0. [Set up env variables and map drives](#head-0)
1. [Installing the TAO Launcher](#head-1)
2. [Prepare dataset and pre-trained model](#head-2) <br>
     2.1 [Download the dataset](#head-2-1)<br>
     2.2 [Verify the downloaded dataset](#head-2-2)<br>
     2.3 [Data preprocessing](#head-2-3)<br>
     2.4 [Download pretrained model](#head-2-4)
3. [Provide training specification](#head-3)
4. [Run TAO training](#head-4)
5. [Evaluate trained models](#head-5)
6. [Prune trained models](#head-6)
7. [Retrain pruned models](#head-7)
8. [Testing the model](#head-8)
9. [Inferences](#head-9)
10. [Export and Deploy!](#head-10)

## 0. Set up env variables and map drives <a class="anchor" id="head-0"></a>
When using the purpose-built pretrained models from NGC, please make sure to set the `$KEY` environment variable to the key as mentioned in the model overview. Failing to do so, can lead to errors when trying to load them as pretrained models.

The following notebook requires the user to set an env variable called the `$LOCAL_PROJECT_DIR` as the path to the users workspace. Please note that the dataset to run this notebook is expected to reside in the `$LOCAL_PROJECT_DIR/data`, while the TAO experiment generated collaterals will be output to `$LOCAL_PROJECT_DIR/classification`. More information on how to set up the dataset and the supported steps in the TAO workflow are provided in the subsequent cells.

*Note: Please make sure to remove any stray artifacts/files from the `$USER_EXPERIMENT_DIR` or `$DATA_DOWNLOAD_DIR` paths as mentioned below, that may have been generated from previous experiments.
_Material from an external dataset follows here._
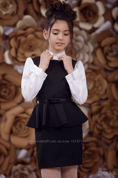 Талию красиво подчеркивает поясок. Такой сарафан - отличный выбор для школы, стильный и деловой обязательно настроит Вашего ребенка на учебный лад.

Having checkpoint files etc may interfere with creating a training graph for a new experiment.*

*Note: This notebook currently is by default set up to run training using 1 GPU. To use more GPU's please update the env variable `$NUM_GPUS` accordingly*

In [None]:
# Setting up env variables for cleaner command line commands.
import os

%env KEY=nvidia_tlt
%env NUM_GPUS=1
%env USER_EXPERIMENT_DIR=/workspace/tao-experiments/multitask_classification
%env DATA_DOWNLOAD_DIR=/workspace/tao-experiments/data

# Set this path if you don't run the notebook from the samples directory.
# %env NOTEBOOK_ROOT=~/tao-samples/classification

# Please define this local project directory that needs to be mapped to the TAO docker session.
# The dataset expected to be present in $LOCAL_PROJECT_DIR/data, while the results for the steps
# in this notebook will be stored at $LOCAL_PROJECT_DIR/classification
# !PLEASE MAKE SURE TO UPDATE THIS PATH!.
os.environ["LOCAL_PROJECT_DIR"] = FIXME

os.environ["LOCAL_DATA_DIR"] = os.path.join(
    os.getenv("LOCAL_PROJECT_DIR", os.getcwd()),
    "data"
)
os.environ["LOCAL_EXPERIMENT_DIR"] = os.path.join(
    os.getenv("LOCAL_PROJECT_DIR", os.getcwd()),
    "multitask_classification"
)

# The sample spec files are present in the same path as the downloaded samples.
os.environ["LOCAL_SPECS_DIR"] = os.path.join(
    os.getenv("NOTEBOOK_ROOT", os.getcwd()),
    "specs"
)
%env SPECS_DIR=/workspace/tao-experiments/classification/specs

# Showing list of specification files.
!ls -rlt $LOCAL_SPECS_DIR

The cell below maps the project directory on your local host to a workspace directory in the TAO docker instance, so that the data and the results are mapped from outside to inside of the docker instance.

In [None]:
# Mapping up the local directories to the TAO docker.
import json
import os
mounts_file = os.path.expanduser("~/.tao_mounts.json")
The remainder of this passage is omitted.